• _Dataset content_
<<<<
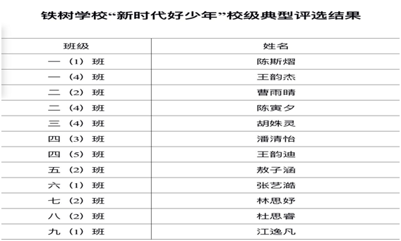 | 随州文明网讯 (通讯员杨丽)5月27日,曾都区铁树学校组织开展的“新时代好少年”评选活动落下帷幕。 评选前,学校精心制订评选方案。评选标准为孝老爱亲、尊敬师长、热爱劳动、勤俭节约、团结友爱五大块,评选方式为个人自荐、班级推选、学校评选相结合。每个班评出2位“新时代好少年”,作为年级典型,参与校级的评选。 |
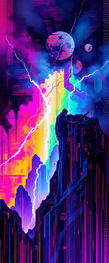 A cyberpunk-inspired digital artwork depicting a figure standing on a futuristic rooftop with vibrant neon city buildings in the foreground, illuminated by lightning bolts and celestial planets in the colorful sky. The blend of deep purples, blues, and bright rainbow hues creates a dynamic sci-fi atmosphere with a focus on futuristic urban themes.
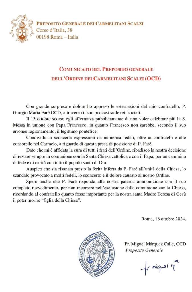 Questa posizione ufficiale del religioso ha provocato “sconcerto” tra i fedeli e costretto  il Preposto Generale dei Carmelitani Scalzi – p. Miguel Màrchez Calle – ad ammonire formalmente  p. Giorgio Maria Farè affinché si ravveda “per non incorrere nell’esclusione dalla Comunione con la Chiesa”.
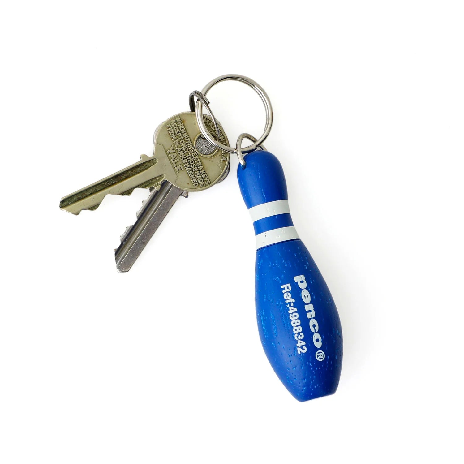 A ballpoint pen keychain in the shape of a miniature bowling pin by penco.
>>>>
• _How to complete this task_
Output the listing exactly, pictures excluded.

• _The answer_
 | 随州文明网讯 (通讯员杨丽)5月27日,曾都区铁树学校组织开展的“新时代好少年”评选活动落下帷幕。 评选前,学校精心制订评选方案。评选标准为孝老爱亲、尊敬师长、热爱劳动、勤俭节约、团结友爱五大块,评选方式为个人自荐、班级推选、学校评选相结合。每个班评出2位“新时代好少年”,作为年级典型,参与校级的评选。 |
 A cyberpunk-inspired digital artwork depicting a figure standing on a futuristic rooftop with vibrant neon city buildings in the foreground, illuminated by lightning bolts and celestial planets in the colorful sky. The blend of deep purples, blues, and bright rainbow hues creates a dynamic sci-fi atmosphere with a focus on futuristic urban themes.
 Questa posizione ufficiale del religioso ha provocato “sconcerto” tra i fedeli e costretto  il Preposto Generale dei Carmelitani Scalzi – p. Miguel Màrchez Calle – ad ammonire formalmente  p. Giorgio Maria Farè affinché si ravveda “per non incorrere nell’esclusione dalla Comunione con la Chiesa”.
 A ballpoint pen keychain in the shape of a miniature bowling pin by penco.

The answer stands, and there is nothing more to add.